Pas question pour autant de revenir sur les règles de la Bourse des PME, ou d'en imposer de nouvelles. Bruno Colmant, le président d'Euronext Bruxelles parle plus « d'autorégulation » en «disciplinant le marché par la vertu».
Flexibilité
Lancé fin 2004, le segment des petites sociétés de la Bourse de Bruxelles se caractérise par rapport à ses deux grands frères que sont le premier marché et Alternext, par sa grande flexibilité. «Les sociétés qui choisissent une cotation sur ce marché ne doivent pas être submergées de règles. Elles en ont déjà beaucoup», justifie Colmant.
Pour faire court, les entreprises n'ont pas l'obligation de communiquer tous les six mois comme l'exige par exemple le premier marché. Les dirigeants ne doivent pas non plus mettre leurs comptes aux normes IFRS. « Il ne faut pas décourager le marché et les plus petites entreprises plus fragiles financièrement. » Ces facilités ne doivent pas pour autant les priver « de communiquer avec la presse», admet Bruno Colmant.
Concrètement, «nous allons proposer à la vingtaine d'entreprises une grille d'évaluation», explique Frédéric de laminne, directeur du listing sur Euronext. Ce formulaire va reprendre toute une série de critères comme le nombre d'administrateurs indépendants, la quantité de communiqués diffusés à la presse ou encore la nomination ou non d'un commissaire réviseur. Un scanning destiné à «renforcer la visibilité des bons élèves». Bref, faire jouer à fond l'autorégulation.
Mise à l'index
La grille qui sera réactualisée tous les mois sur le site internet d'Euronext «ne force en rien», souligne Colmant. «Cette démarche qui nous a d'ailleurs été suggérée par certains d'entre eux» permettra par contre de mettre à l'index «les entreprises moins proactives en terme de communication».

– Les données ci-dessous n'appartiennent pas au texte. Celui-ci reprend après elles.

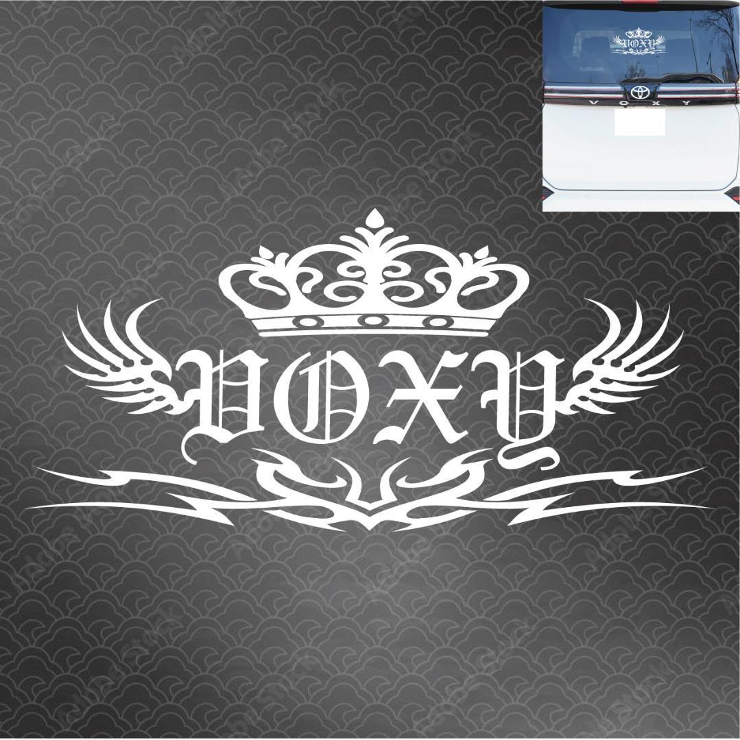 - トヨタ ヴォクシー 王冠 羽 トライバル カッティングステッカー 白色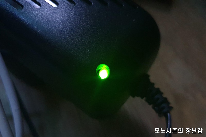 전원 어댑터는 사진처럼 콘센트에 꼽으면 그린 LED가 켜지기 때문에 전원이 들어오고 있는지 아닌지를 확실히 파악할 수 있습니다.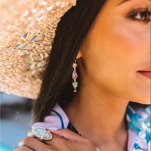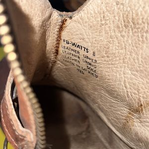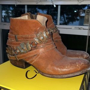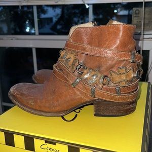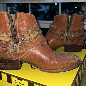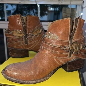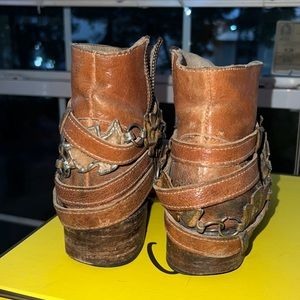 Distressed leather with fun straps and metal bird shaped chain. Cognac leather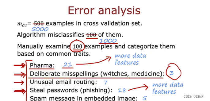 错误分析是一种诊断模型的方法,指手动查看出现错误的样例,并试图深入了解算法出错的地方(一般是按照共同的属性将他们分组)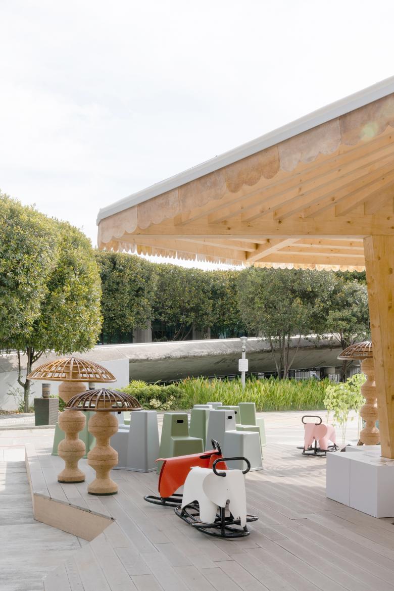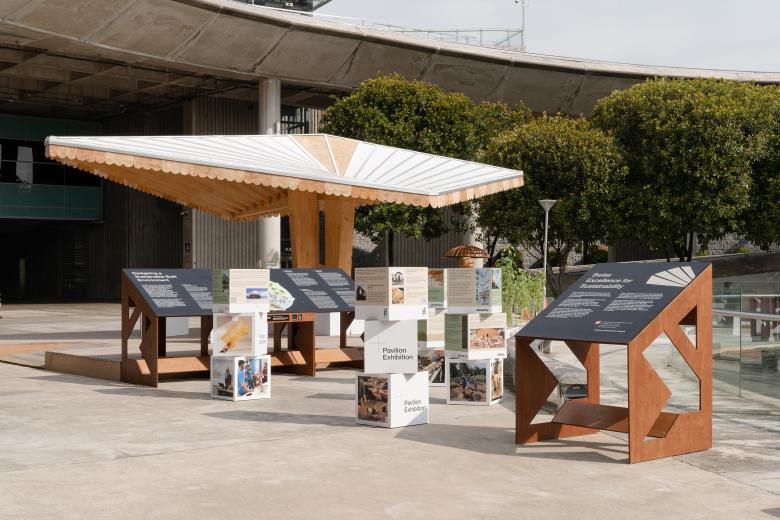 While the installation in itself is a piece of showcase, complementary exhibition signage provides deeper insights into the story of the pavilion and education on sustainability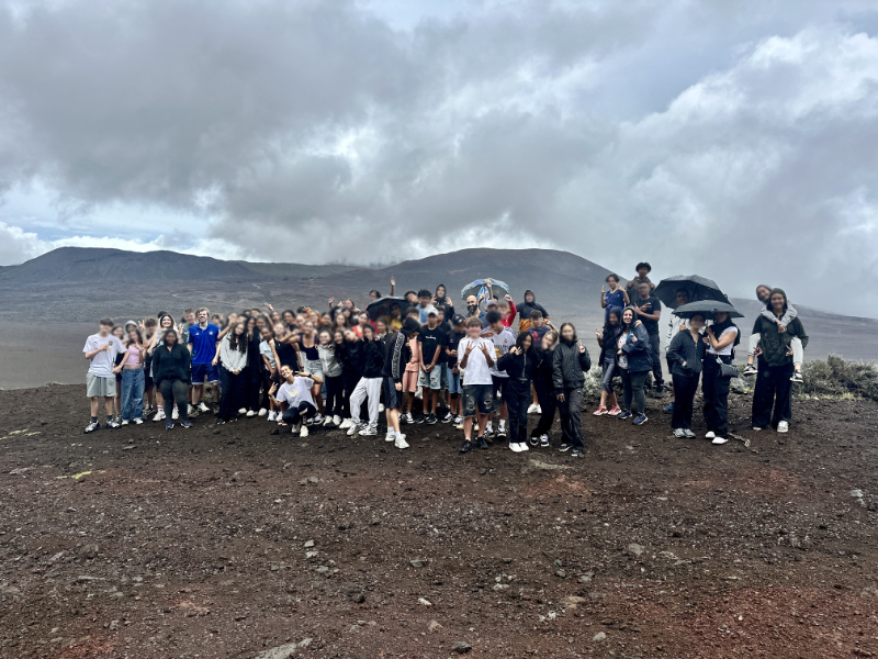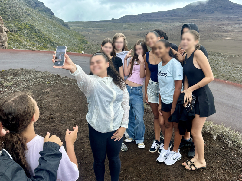Chaque année les élèves de 4è bénéficient d’une sortie au volcan dans le cadre du programme de SVT de 4è (La Terre et sa dynamique : volcanisme et séisme). Malgré un long trajet dû aux intempéries de cette saison cyclonique, les Italiens et Allemands ont eu l’opportunité de faire cette sortie et ont découvert le Nez de Bœuf, où ils ont pique-niqué, la Plaine des Sables avec sa vue sur le Piton de la Fournaise, et la cité du volcan.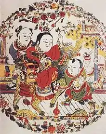 Le Classique des vers utilise l’expression « trace du qilin » (麟趾) pour désigner les descendants du roi Wen des Zhou et vanter leurs talents. Le qilin était réputé comme présage d'une prestigieuse descendance appelée à devenir illustre, et l'on formait le vœu « que le qilin apporte de nobles fils ». Le thème de la licorne donneuse d’un fils promis à une belle carrière (麒麟送子) était autrefois très populaire : il apparait sur les estampes de Nouvel An ou les décorations de mariage[4]. Un jeune garçon ou un jeune homme tenant parfois un lotus entre les mains, vêtu en aristocrate, y est monté sur un qilin en compagnie de la déesse donneuse d’enfants. Dans le sud de la Chine, des « danses de licorne » avaient lieu pendant la période du Nouvel An. Les femmes désireuses d'avoir un fils devaient toucher la frange représentant sa barbichette.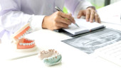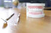Dentysta, siedzi przy stole z modelu zębów i narzędzia w profesjonalny gabinet stomatologiczny, koncepcja medycznych i stomatologicznych

En invitant les entreprises «moins suivies par les analystes financiers» à jouer cartes sur table, Euronext entend taire d'une certaine manière les critiques qui s'inquiètent de l'opacité de l'information à destination des investisseurs. «L'important est de continuer à développer le Marché Libre et Alternext, qui sont adaptés au biotope de l'économie du pays», conclut Colmant.